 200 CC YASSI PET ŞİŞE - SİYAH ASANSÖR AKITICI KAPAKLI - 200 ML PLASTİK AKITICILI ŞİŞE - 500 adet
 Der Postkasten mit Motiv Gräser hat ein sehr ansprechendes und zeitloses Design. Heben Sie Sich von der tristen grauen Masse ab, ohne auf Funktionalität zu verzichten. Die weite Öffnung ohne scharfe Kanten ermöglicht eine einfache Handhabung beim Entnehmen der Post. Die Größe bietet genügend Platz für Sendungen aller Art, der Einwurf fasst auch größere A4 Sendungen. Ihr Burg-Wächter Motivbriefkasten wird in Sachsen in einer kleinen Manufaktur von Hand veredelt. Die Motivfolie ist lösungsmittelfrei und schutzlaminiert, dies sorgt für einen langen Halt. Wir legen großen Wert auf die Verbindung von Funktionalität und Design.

* * *

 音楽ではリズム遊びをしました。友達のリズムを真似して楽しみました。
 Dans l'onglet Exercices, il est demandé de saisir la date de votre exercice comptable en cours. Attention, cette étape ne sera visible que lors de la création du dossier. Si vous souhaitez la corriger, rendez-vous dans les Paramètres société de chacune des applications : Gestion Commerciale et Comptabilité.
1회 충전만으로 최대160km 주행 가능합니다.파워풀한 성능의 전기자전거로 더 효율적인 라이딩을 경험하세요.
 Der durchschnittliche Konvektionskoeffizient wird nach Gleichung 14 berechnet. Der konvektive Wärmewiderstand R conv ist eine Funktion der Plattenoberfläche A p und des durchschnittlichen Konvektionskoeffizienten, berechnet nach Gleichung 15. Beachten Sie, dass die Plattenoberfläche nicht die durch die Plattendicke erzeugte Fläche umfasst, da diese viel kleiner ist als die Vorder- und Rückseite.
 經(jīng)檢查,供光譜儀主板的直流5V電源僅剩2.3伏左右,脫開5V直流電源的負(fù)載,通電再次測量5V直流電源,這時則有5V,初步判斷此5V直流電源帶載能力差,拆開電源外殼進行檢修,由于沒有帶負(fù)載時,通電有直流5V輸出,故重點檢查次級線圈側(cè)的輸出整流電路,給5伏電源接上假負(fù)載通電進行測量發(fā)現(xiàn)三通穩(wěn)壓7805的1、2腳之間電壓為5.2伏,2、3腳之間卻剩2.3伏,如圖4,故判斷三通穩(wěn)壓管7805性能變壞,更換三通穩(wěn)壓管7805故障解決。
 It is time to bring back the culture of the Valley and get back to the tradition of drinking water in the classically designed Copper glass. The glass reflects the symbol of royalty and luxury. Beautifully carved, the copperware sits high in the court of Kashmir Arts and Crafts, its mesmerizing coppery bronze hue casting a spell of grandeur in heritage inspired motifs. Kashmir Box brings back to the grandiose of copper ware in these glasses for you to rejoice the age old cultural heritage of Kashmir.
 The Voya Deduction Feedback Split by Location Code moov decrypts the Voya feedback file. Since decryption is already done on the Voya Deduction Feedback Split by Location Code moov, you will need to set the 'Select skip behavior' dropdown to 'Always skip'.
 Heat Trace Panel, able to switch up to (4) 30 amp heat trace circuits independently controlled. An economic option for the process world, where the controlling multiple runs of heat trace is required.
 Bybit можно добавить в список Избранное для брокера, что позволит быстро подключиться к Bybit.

==

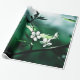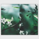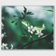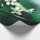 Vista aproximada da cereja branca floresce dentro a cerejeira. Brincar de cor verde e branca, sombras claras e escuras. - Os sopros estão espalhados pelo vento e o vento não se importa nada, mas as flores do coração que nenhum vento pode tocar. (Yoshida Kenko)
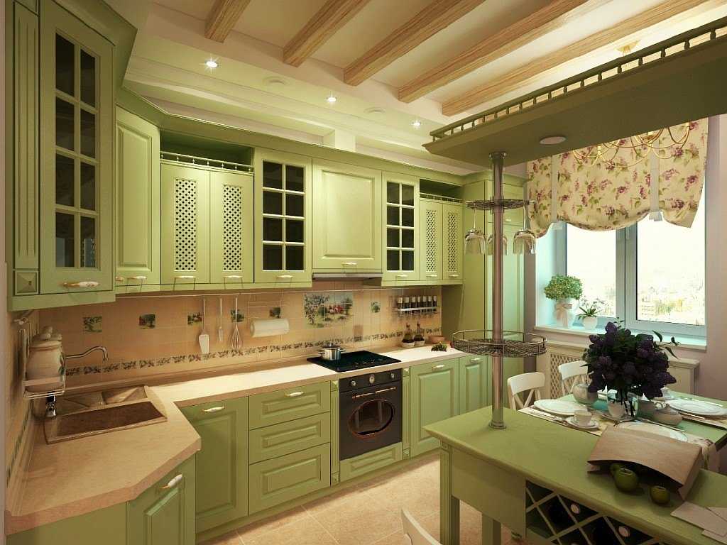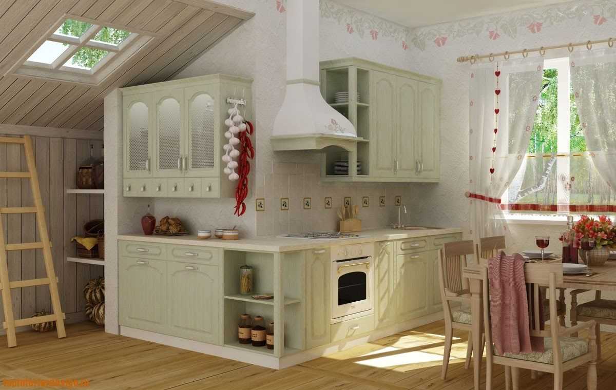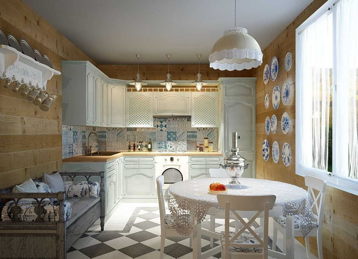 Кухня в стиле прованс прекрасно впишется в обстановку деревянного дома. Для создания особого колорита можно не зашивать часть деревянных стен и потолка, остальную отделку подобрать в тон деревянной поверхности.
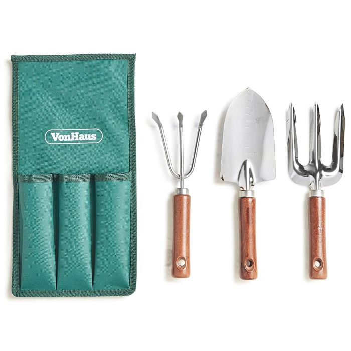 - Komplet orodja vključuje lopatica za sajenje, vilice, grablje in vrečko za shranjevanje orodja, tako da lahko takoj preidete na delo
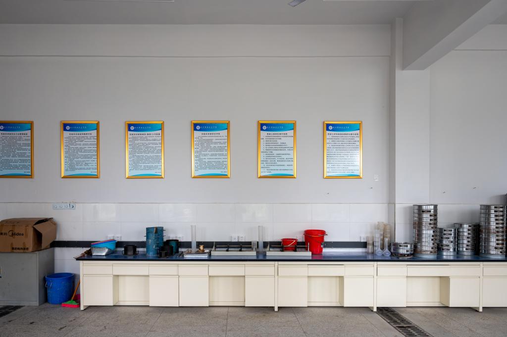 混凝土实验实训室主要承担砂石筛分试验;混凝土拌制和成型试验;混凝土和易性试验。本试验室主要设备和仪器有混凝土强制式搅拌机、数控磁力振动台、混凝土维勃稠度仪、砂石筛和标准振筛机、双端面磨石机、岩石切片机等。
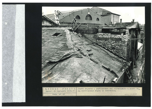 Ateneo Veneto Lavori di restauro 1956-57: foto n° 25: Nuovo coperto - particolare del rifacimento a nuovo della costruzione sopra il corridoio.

• TASK STATEMENT: The stretch of entries above that starts with the line containing "200 CC YASSI" and goes on through the line containing "Der Postkasten mit" is to be transcribed exactly, and no other line is to be transcribed.

• SOLUTION:
 200 CC YASSI PET ŞİŞE - SİYAH ASANSÖR AKITICI KAPAKLI - 200 ML PLASTİK AKITICILI ŞİŞE - 500 adet
 Der Postkasten mit Motiv Gräser hat ein sehr ansprechendes und zeitloses Design. Heben Sie Sich von der tristen grauen Masse ab, ohne auf Funktionalität zu verzichten. Die weite Öffnung ohne scharfe Kanten ermöglicht eine einfache Handhabung beim Entnehmen der Post. Die Größe bietet genügend Platz für Sendungen aller Art, der Einwurf fasst auch größere A4 Sendungen. Ihr Burg-Wächter Motivbriefkasten wird in Sachsen in einer kleinen Manufaktur von Hand veredelt. Die Motivfolie ist lösungsmittelfrei und schutzlaminiert, dies sorgt für einen langen Halt. Wir legen großen Wert auf die Verbindung von Funktionalität und Design.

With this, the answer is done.